Cord-Cutting May Be Myth Now, But Reality in 5-10 Years

Cord-cutting enthusiasts got a sobering dose of reality the last few weeks when a number of prominent analysts and research firms published data proving that consumers are rushing toward cable rather than away from it.

The cold hard facts: the three-headed multichannel beast otherwise known as cable operators, satellite providers and telcos collectively added 441,000 multichannel video customers in the fourth quarter of 2008.

Those statistics fly in the face of the conventional wisdom that in a recession consumers would cut back on cable services to save money, and they also go against the broader newteevee belief that TV fans can survive on Hulu, YouTube and iTunes alone. Because evidently we’re quite content with our oldteevee, thank you very much.

But, let’s pause and ask ourselves if maybe there is another side of the story. Because traditional television providers and programmers would be foolish to assume that net cable adds in the fourth quarter means everything is peachy. Sure, only 3 percent of online adults would pull the plug on cable to just watch video online, according to Leichtman Research Group, and we’re also watching more traditional TV than ever, according to Nielsen.

But what are teenagers doing?

The industry needs to peel back the layers in the research to understand what teens and young adults are doing now to be better prepared for business in 5-10 years. Consider this: Leichtman Research Group reported that while only 8 percent of web-video-watching adults say they watch less TV because of their web viewing habits, 18 percent of web video watching teens say they’re turning away from the tube thanks to the Internet.

“Yes, there are some teens who are watching TV less often, while the majority are still watching just as much TV,” Bruce Leichtman told us via email, adding that they’re mostly watching YouTube and music videos online rather than TV shows.
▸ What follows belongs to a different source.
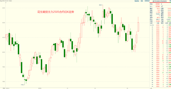 花生期货方面。花生期货主力2505合约近期持续震荡,未有大的方向,至2025年4月11日收盘在8202元/吨。

Any cord-cutting effect, if there is to be one, won’t manifest for almost a decade, Leichtman said. “It will be 6-12 years before this group is actually making decisions for themselves on whether or not they subscribe to a TV service – that they never paid for before, so it’s not really a cord cutting – so the impact of this group, accounting for about 9 percent of all in the U.S., could possibly be felt several years from now.”

Still, there is evidence that young Americans are slowly shifting their habits, and both Hollywood and the web world should pay attention to their behavior. Earlier this year, the research firm Solutions Research Group reported that that 70 percent of 18- to 34-year-old online Americans have watched TV online at some point, but only one-third of that group has ever viewed a show on a DVR or a TiVo.

While we as a society of video viewers aren’t thumbing our noses at Comcast, Time Warner and DirecTV right now, we might be in a few years. “It’s obvious to most that online will become the main platform for video entertainment,” said Kaan Yigit, an analyst with Solutions Research Group. “When we reach a true tipping point is debatable — some say five years, others 10. But it will happen, based on all the indicators.”